To attain and maintain the moral high ground, those victims of the President’s excesses must not lower themselves into doing the same things he did to others. The Constitution must in all cases be allowed to prevail.
My other worry is about secret lists being circulated. Whoever has a hint of how Nazi Germany was run and the genocidal activity undertaken; how more than 100,000 Bosnians-mostly Muslims were killed under Serbian ethnic cleansing and in Rwanda where nearly a Million Tutsi and moderate Hutus were killed should shriek when they hear words like “collaborators” and “traitors” being used against fellow citizens. In all these instances, secret lists of men and women who had helped the Nazis, or having had secret deals with the invader or one side or the other of the conflict were cited as legitimate bases upon which arson and killing were carried out.

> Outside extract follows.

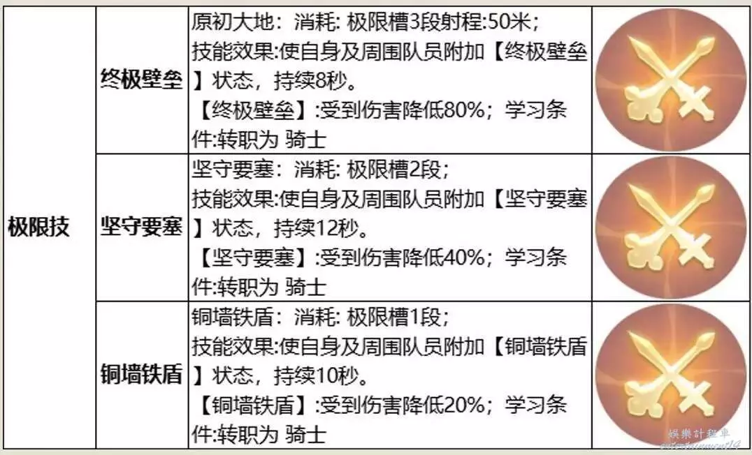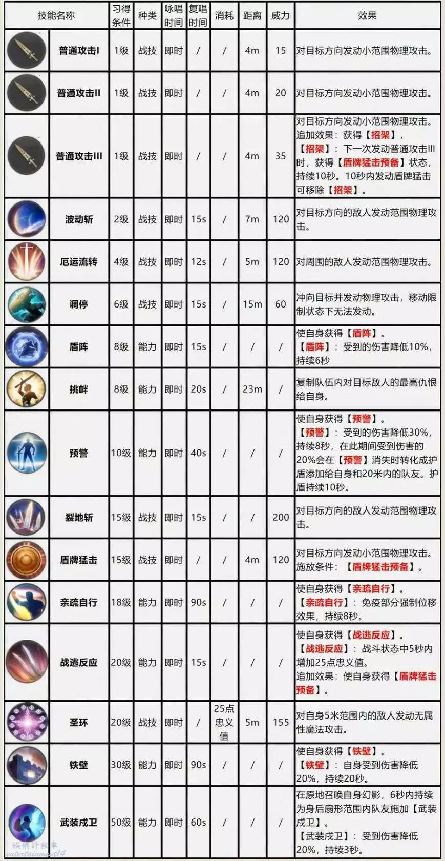 盾陣、鐵壁、預警、武裝戍衛為減傷技能,根據副本實戰情況按需開啟即可。

Although the North under men such as Babangida Aliyu have both mandate and legitimacy to give Dr. Jonathan a good fight for 2015, this battle must be fought on development issues with civility and utmost decorum. History has always had a way of dealing with people who sided with rulers to decimate (Nigerian) nationalism.
A failed politician, Vidkan Quisling cut a secret deal with the Nazi but they betrayed him after invading Norway in 1940. Another failed politician, Anton Musset, had a thirst for power that led him to make a pact with the Nazis to the point of pledging personal allegiance to Hitler. Hitler turned the table against him when it mattered to him the most.
Here at home, if you look at all those who are crying the loudest about injustice in the Jonathan regime, are they not those who made him President, against the wishes of their own people?